[INPUT FOR THIS TASK Boundary: Start]
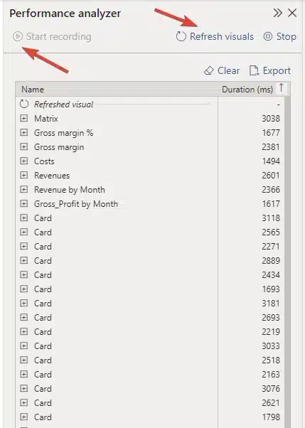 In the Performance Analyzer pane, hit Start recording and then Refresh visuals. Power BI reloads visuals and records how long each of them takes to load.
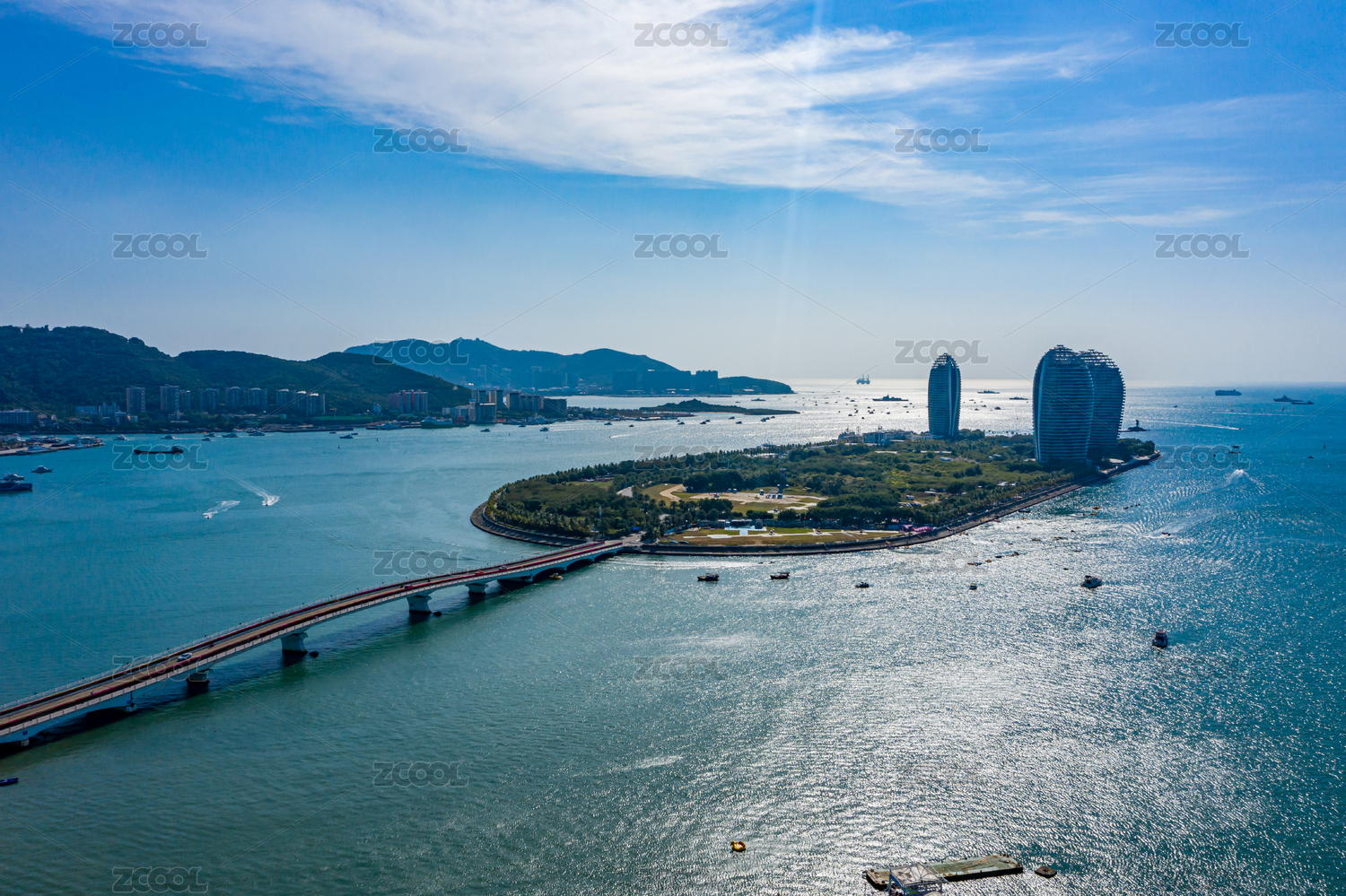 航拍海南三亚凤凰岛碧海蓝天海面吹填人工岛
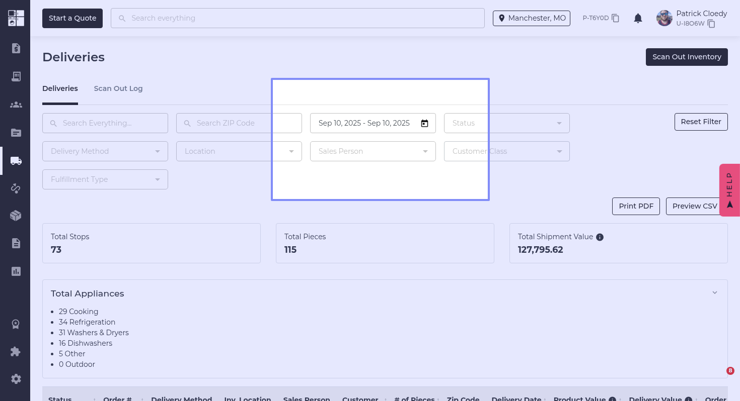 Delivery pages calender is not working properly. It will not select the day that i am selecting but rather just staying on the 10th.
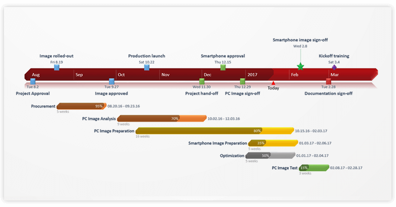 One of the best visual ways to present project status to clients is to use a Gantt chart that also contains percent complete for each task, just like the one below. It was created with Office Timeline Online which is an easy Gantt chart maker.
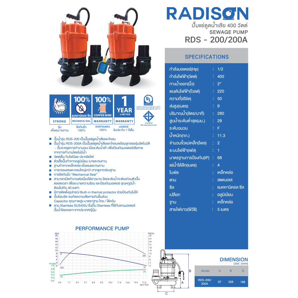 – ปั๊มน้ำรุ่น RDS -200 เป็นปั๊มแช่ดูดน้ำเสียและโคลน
[INPUT FOR THIS TASK Boundary: End]
AIM OF THE EXERCISE
Your answer must be the full listing, word for word, minus any images.

TASK OUTPUT
 In the Performance Analyzer pane, hit Start recording and then Refresh visuals. Power BI reloads visuals and records how long each of them takes to load.
 航拍海南三亚凤凰岛碧海蓝天海面吹填人工岛
 Delivery pages calender is not working properly. It will not select the day that i am selecting but rather just staying on the 10th.
 One of the best visual ways to present project status to clients is to use a Gantt chart that also contains percent complete for each task, just like the one below. It was created with Office Timeline Online which is an easy Gantt chart maker.
 – ปั๊มน้ำรุ่น RDS -200 เป็นปั๊มแช่ดูดน้ำเสียและโคลน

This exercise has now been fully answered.